BNG-Support: erbärmlich

Jedenfalls dachten die aktiven Gladbach-Fans, sie hätten leichtes Spiel damit, die Lufthoheit im Stall zu übernehmen. Aber, wie so oft bei BMG: They’re only singing, when they’re winning. Schon nach dem 1:0 in der 6. Minute brach die Stümmung im Nordosten zusammen. Nein, man feuerte die Mannschaft nicht mehr wirklich an, sondern erging sich in Beschimpfungen der Fortuna. Und nach dem 3:0 ging dann gar nichts mehr im Gästeblock, und selten stimmte der Ruf „Ihr seid leiser als Fortuna Köln“ mehr. Dass die Atmosphäre auf rotweißer Seite dagegen grandios war, dafür trugen die Ultras mit einer mächtigen Choreo, DJ Opa mit einem exzellent passenden Musikprogramm, die Freunde im 160er, die immer wieder etwas anstümmten, was in die darunter liegenden Blöcke schwappte, Kapo Marvin, der sich Schlafwagenlieder verkniff und wirklich passgenau die richtigen Dinger lostrat, auf die jeder einsteigen konnte, sowie die vielen Tausend euphorischen Menschen auf den Sitzplätzen bei, die immer wieder stehend mitsangen und klatschten. Düsseldorf war für 90 Minuten united.
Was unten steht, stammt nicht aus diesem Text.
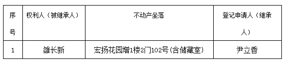 根據(jù)《不動(dòng)產(chǎn)登記暫行條例實(shí)施細(xì)則》第十四條的規(guī)定,經(jīng)初步查驗(yàn),不動(dòng)產(chǎn)登記機(jī)構(gòu)擬對(duì)下列不動(dòng)產(chǎn)權(quán)利辦理不動(dòng)產(chǎn)繼承登記。根據(jù)《不動(dòng)產(chǎn)登記暫行條例實(shí)施細(xì)則》第十七條的規(guī)定,現(xiàn)予公告。如有異議,請(qǐng)自本公告之日起90個(gè)工作日內(nèi),將異議書(shū)面材料送達(dá)不動(dòng)產(chǎn)登記機(jī)構(gòu)。逾期無(wú)人提出異議或者異議不成立的,不動(dòng)產(chǎn)登記機(jī)構(gòu)將予以登記。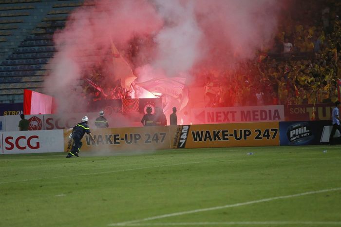 Theo đó, khi trận đấu giữa CLB Hà Nội và Nam Định đang diễn ra thì bất ngờ một CĐV nữ của CLB Hà Nội ở khán đài A sân Hàng Đẫy bị thương vì một quả pháo sáng bắn từ khán đài của CĐV Nam Định.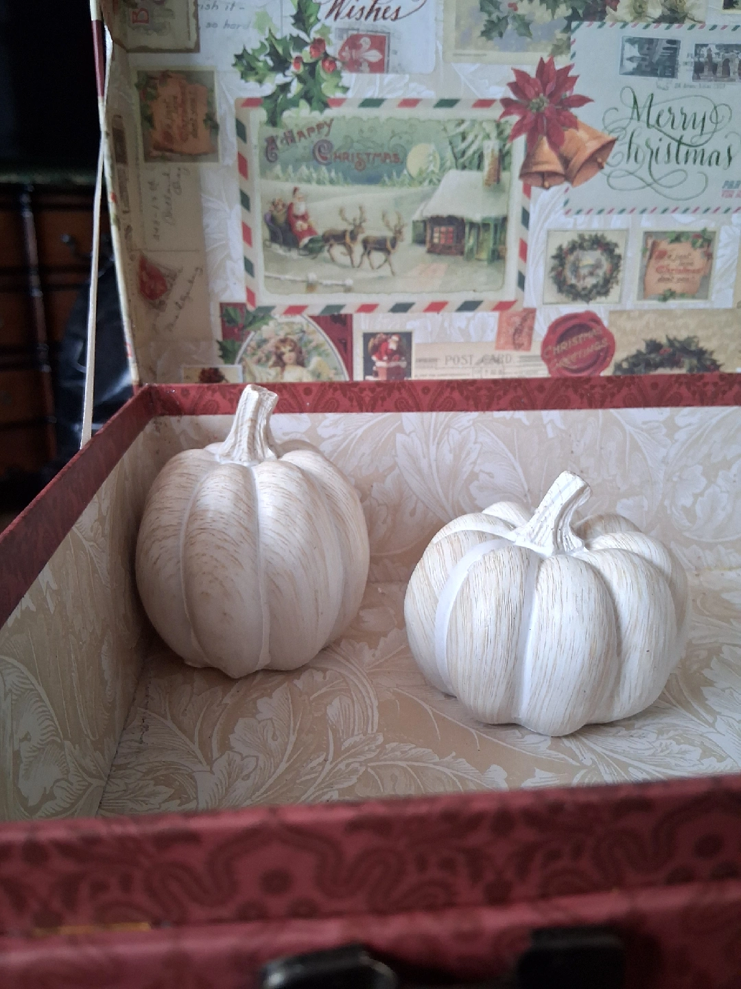I'm selling a set of two decorative white pumpkins. They are in great condition. These pumpkins are perfect for adding a touch of autumn charm to your home decor

Und das eben nicht nur rund um diese drei göttlichen Tore, die der gladbachischen Arroganz das Genick brachen, sondern auch während der ersten 30 Minuten der zweiten Halbzeit, die einfach unglaublich langweilig waren. Nehmen wir die fälschlicherweise immer noch „Fohlen“ genannte Truppe ein bisschen in Schutz, denn Teams voller individueller Klasse werden immer Schwierigkeiten haben, einen solchen Rückstand aufzuholen. Dass aber weder der Mannschaft, noch dem Trainer auch nur ansatzweise etwas einfiel, diese schmähliche Niederlage zu verhindern, ist erbärmlich. Und das passt zur diesem Verein.